» **Task to carry out**: The answer must consist only of the lines in the records below from the line with "Lyrics of Din" to the line with "Liu Jo jurk", both included, copied word for word with every picture left out.

Extracted data entries
----

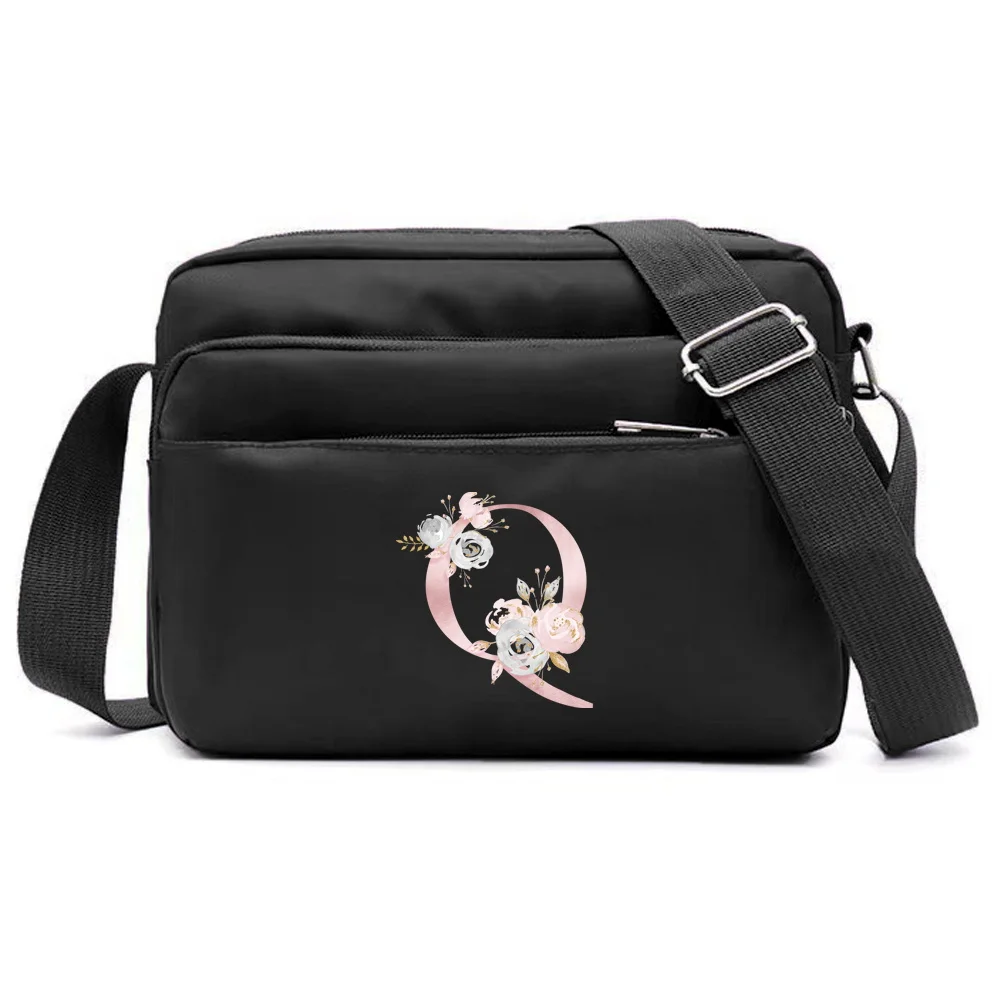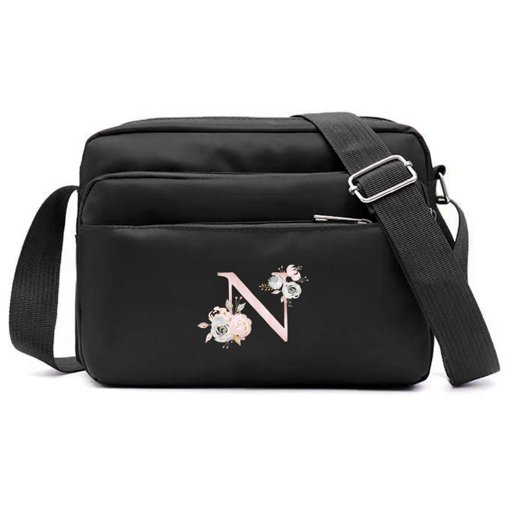 New Simple Black Storage Bag Multi-layer Travel Leisure One Shoulder Crossbody Bag Pink Flower Letter Series Printing Pattern
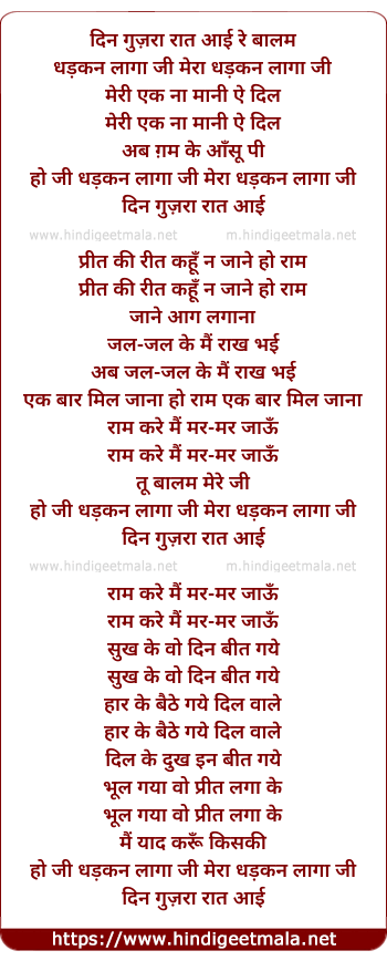 Lyrics of Din Guzra Raat Aayi - दिन गुज़रा रात आई रे बालम
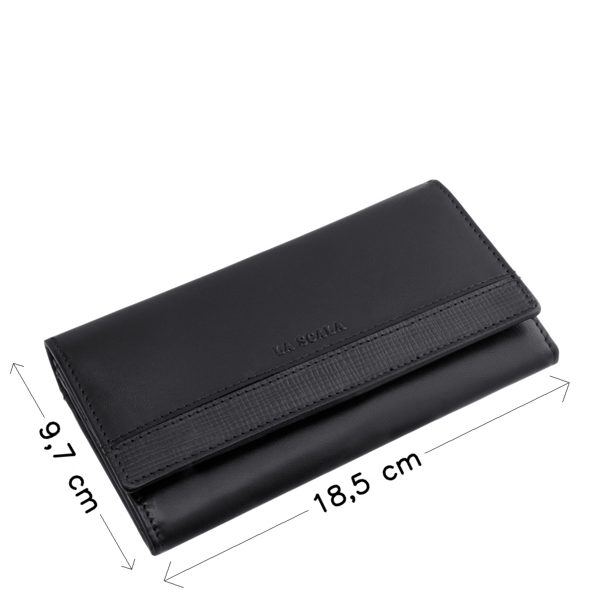 A hosszúkás forma, a kellemes tapintású valódi bőr borítás és a dombornyomott La Scala márkajelzés igazán kifinomult, exkluzív megjelenést biztosít ennek a pénztárcának.
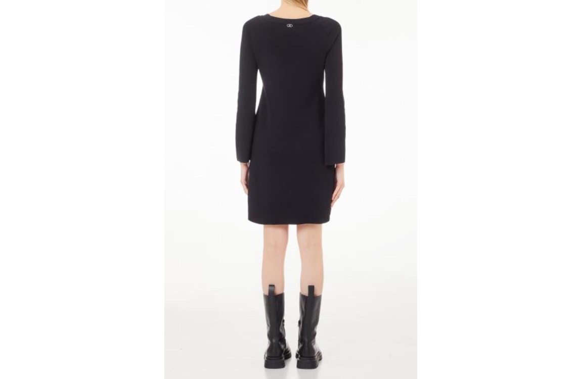 Liu Jo jurk WF4531MA05P22222. Dit licht getailleerd model heeft een brede ronde hals en lange uitlopende mouwen. Deze zwarte jurk van Liu Jo is gedetailleerd met een strikceintuur in een leer-look aan de voorzijde en is afgewerkt met een ribgebreide halsboord.
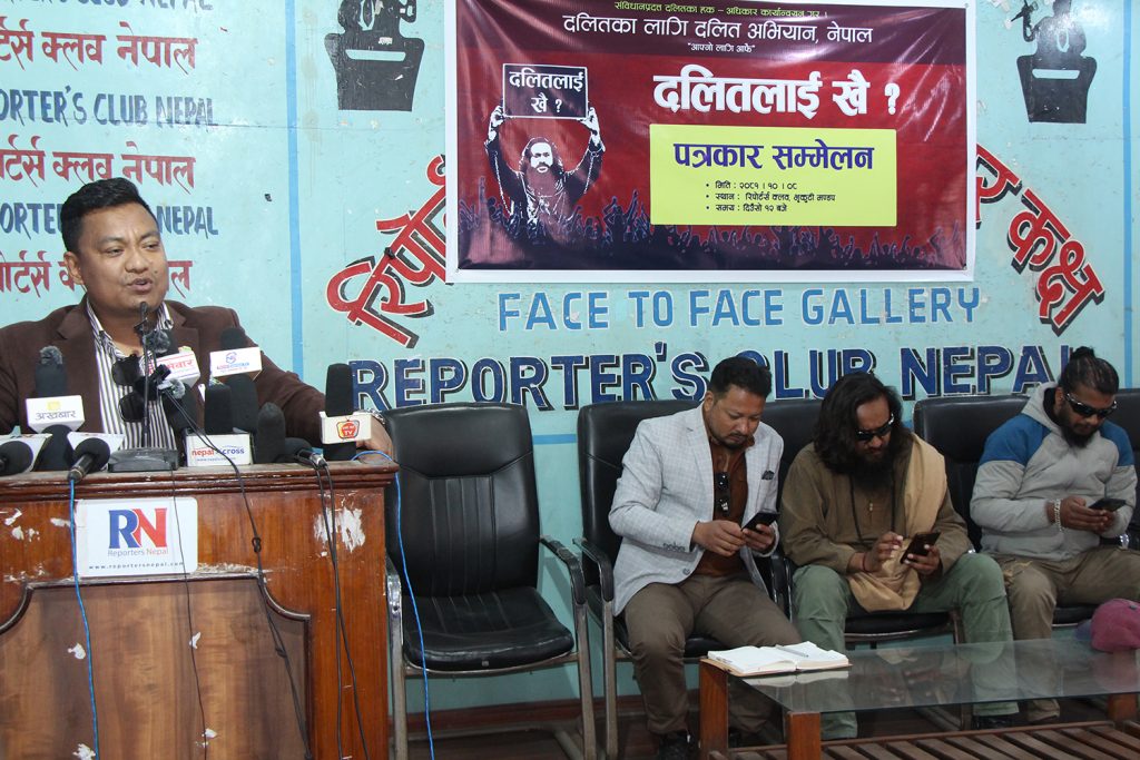 मंगलबार राजधानीमा पत्रकार सम्मेलन गर्दै अभियानका अभियन्ताहरुले राज्यका हरेक तह र तप्कामा दलित समुदायको समानुपातिक प्रतिनिधित्व हुनुपर्नेमा त्यसो हुन नसकेको बताएका हुन् ।
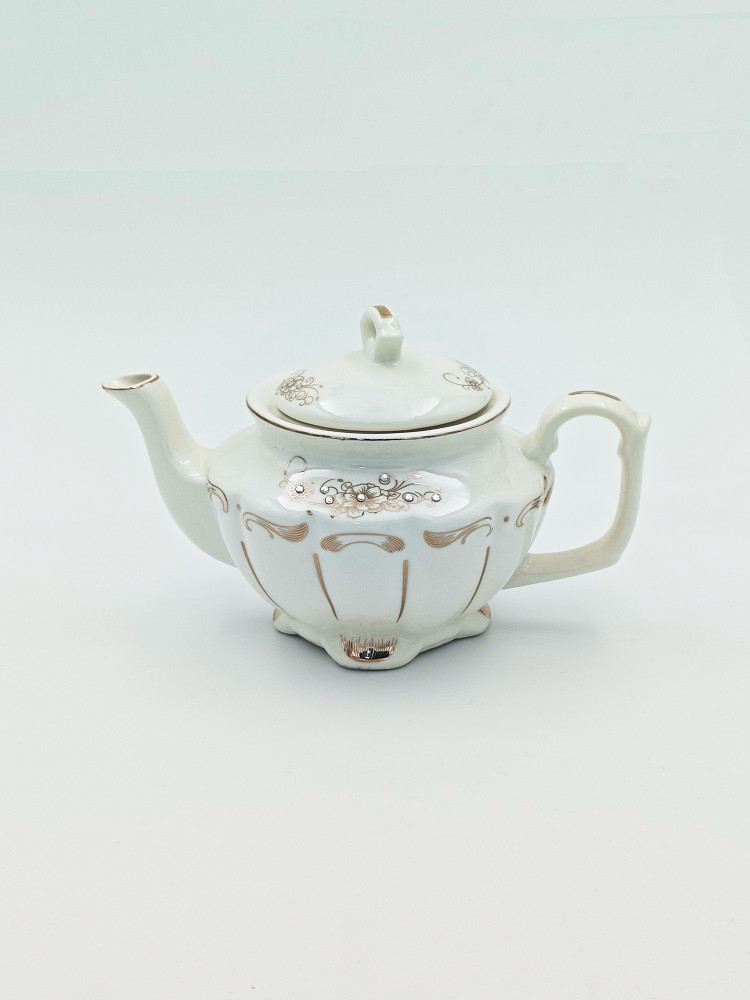 Элегантный фарфоровый сервиз с тонким золотым узором и нежными сверкающими элементами – это идеальный выбор для красивого чаепития в кругу семьи и друзей. Плавные линии, изысканный орнамент и мягкий блеск декоративных вставок подчёркивают благородный стиль и утончённость комплекта.
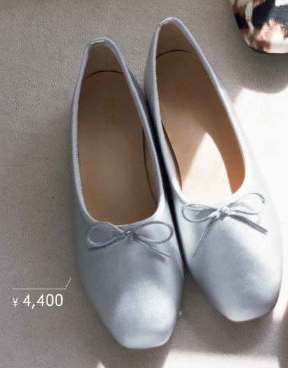 世界最古のバレエ学院の公式シューズを手掛ける、仏メルレ社のハンドメイドシューズ。はかなげなリボンはデニムなどで外したい。
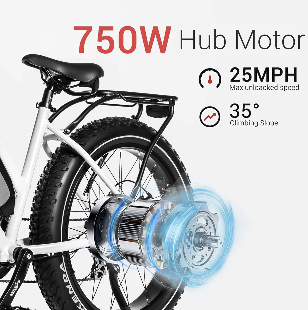 - Tires 26″ x 4″ Kenda fat tires
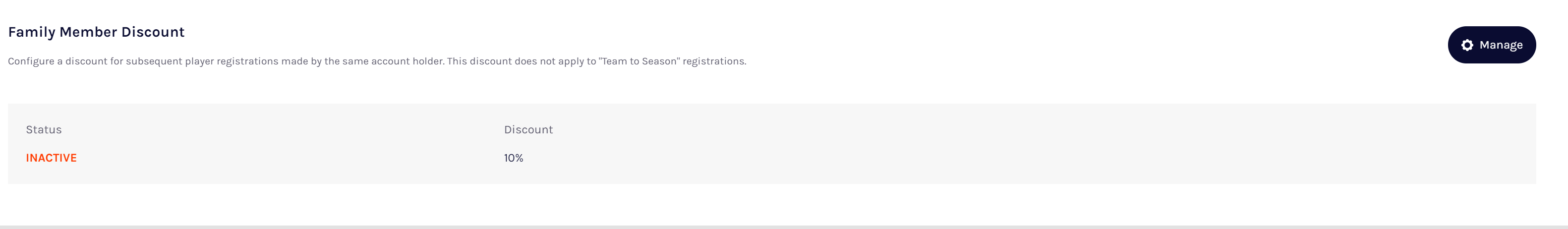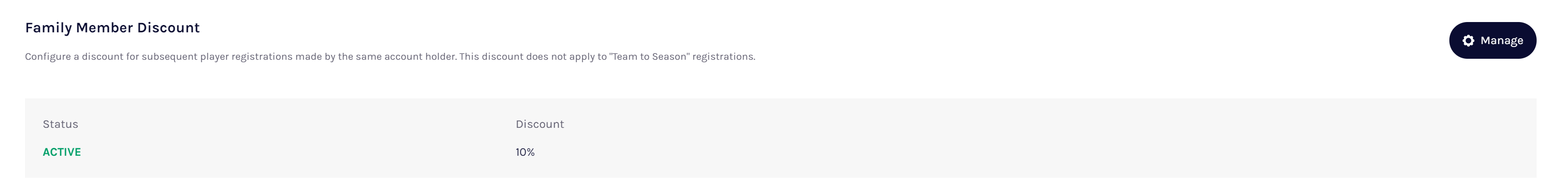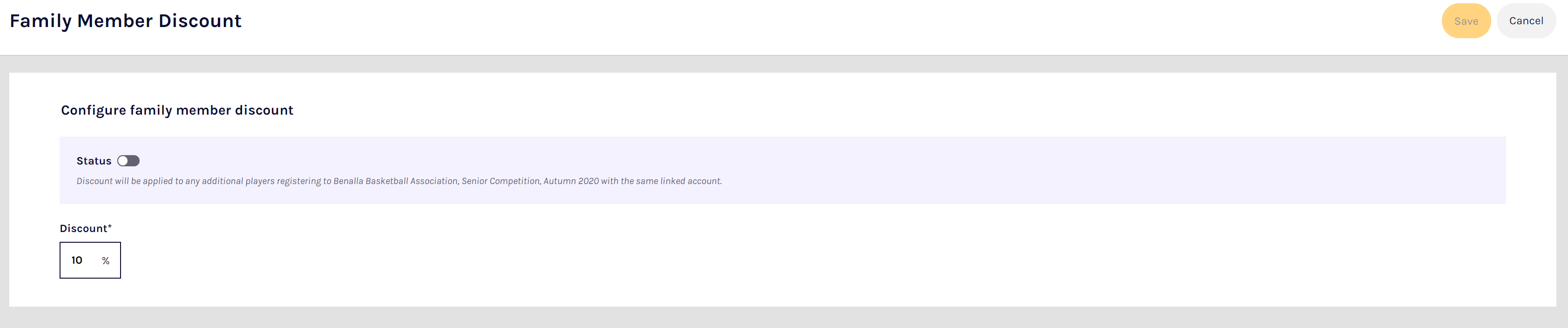 The Family member discount feature provides a percentage discount off the applicable organisation (Association or Club) player registration fee which applies to each subsequent player registration registered under the same account holder, to the same organisation, and within the same competition and season. The family member discount does not apply to registrations to any Program.

----

» **Exercise answer**:
 Lyrics of Din Guzra Raat Aayi - दिन गुज़रा रात आई रे बालम
 A hosszúkás forma, a kellemes tapintású valódi bőr borítás és a dombornyomott La Scala márkajelzés igazán kifinomult, exkluzív megjelenést biztosít ennek a pénztárcának.
 Liu Jo jurk WF4531MA05P22222. Dit licht getailleerd model heeft een brede ronde hals en lange uitlopende mouwen. Deze zwarte jurk van Liu Jo is gedetailleerd met een strikceintuur in een leer-look aan de voorzijde en is afgewerkt met een ribgebreide halsboord.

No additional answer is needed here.